Ahead of a meeting with the Ethiopian government on telecom privatisation, international telcos including MTN and Safaricom have expressed concerns regarding the country’s mobile money constraints and current unrest.
CEO of MTN Group, Ralph Mupita disclosed that although the company remains interested in the privatisation deal, there is the pertinent question of whether Ethiopia would include a mobile money license as part of its auction.
Also, Ralph pointed out that there are doubts about the willingness of international tower companies to take part in the transition to a diversified telecom sector.
Amid the ongoing conflict in Ethiopia’s Tigray region, Kenya’s Safaricom and Vodacom are keeping track of the escalating tensions before finalising their bids. This shows a reluctance from prospective operators due to the present tumultous situation in the northern part of the country.
Other telcos keeping an eye on developments around Ethiopia’s telecom sector include French telco, Orange as well as Etisalat.
The caution by mobile network operators comes after the Ethiopian Communications Authority (ECA) revealed last month that two multinational telecom companies would be granted licenses to commence operations by April 2021.
Ethiopia’s telecom privatisation plan has, however, been prolonged so far, with the process lasting almost a year since the government made its intention known to the public.
Mobile Money Constraints Worry Telcos
Telecom operators are sceptical about the Ethiopian government’s position on the mobile money aspect of its license.
Mobile money is rarely used in Ethiopia, with the leading mobile money service M-Birr only serving about 1.2 million subscribers – a paltry 1% of the 115 million people in the country.
MTN and Safaricom are among the telcos seeking to enter the Ethiopian telecom market and operate two of the biggest mobile money platforms in Africa. MTN runs its MoMo service while Safaricom’s M-Pesa is the largest mobile money platform on the continent.
That said, the two telcos will be looking to cater to the large number of Ethiopians who are not subscribed to any mobile money service.
In April this year, the National Bank of Ethiopia (NBE) issued a directive opening up mobile money services to mobile operators in the country, but with a constraining clause – only the government is allowed to hold more than 20% of the shares of any licensed mobile money service provider.
Knowing that this would put every mobile money service under the government’s control, telcos are seeking clarity on the mobile money regulations governing the ECA’s privatisation license.
Tower Companies May be Refused Entry
Ethiopia’s only network provider, Ethio Telecom has clearly stated that it is firmly against the entry of foreign telecom infrastructure companies into the country. This means tower companies such as IHS holdings and Helios Towers could be denied access to installing communication equipment in Ethiopia.
In a complaint letter to the government through the ECA, Ethio telecom argued that it has expended billions of dollars on telecom infrastructure across the country in recent years.
The telco added that it plans to leverage the forthcoming privatisation by renting already existing towers to incoming operators.
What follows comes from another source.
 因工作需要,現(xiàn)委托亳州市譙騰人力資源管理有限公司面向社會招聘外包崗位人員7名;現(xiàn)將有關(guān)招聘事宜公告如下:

Going by Ethio’s stance, newly entering telcos may be compelled to rent towers which have been set up by the telecom monopoly over the years. MTN and other operators could view this as too stringent for their operations in Ethiopia.
Political Instability Poses a Major Risk to Telco Investments
Telecom companies are also concerned about how political tensions in Ethiopia could stifle investments in the country’s telecom sector.
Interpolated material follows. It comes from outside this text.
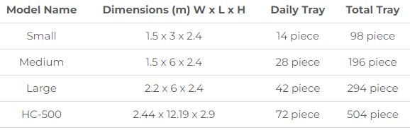 Container types starting from 100 Kg/day up to 500 Kg/day.

Ethiopia’s Tigray is currently in a state of turmoil, brought about by the region’s defiance of Prime Minister Abiy Ahmed’s administration. Tigray’s decision to proceed with elections despite the government’s ban has fuelled tensions in the region.
Abiy Ahmed, who won last year’s Nobel Peace Prize, has directed all civilian residents of Tigray to vacate the warzone zone in anticipation of a full-blown military attack against rebel forces. Hundreds of people have reportedly been killed during the unrest.
The government has shut down all internet connection within the region, as it is accustomed to doing every time there is an uproar in the country.
All these are factors which could make Ethiopia a volatile market for investors. Telecom facilities might easily be vandalised during times of uprising and operators may be forced to shut down internet repeatedly or face severe sanctions.
Going forward, it remains to be seen whether some network providers would pull the plug on their bids to operate in Ethiopia’s telecom sector. Meanwhile, Ethiopia’s minister in charge of the privatisation deal, Eyob Tekalign has stated that “there is nothing of concern at all.”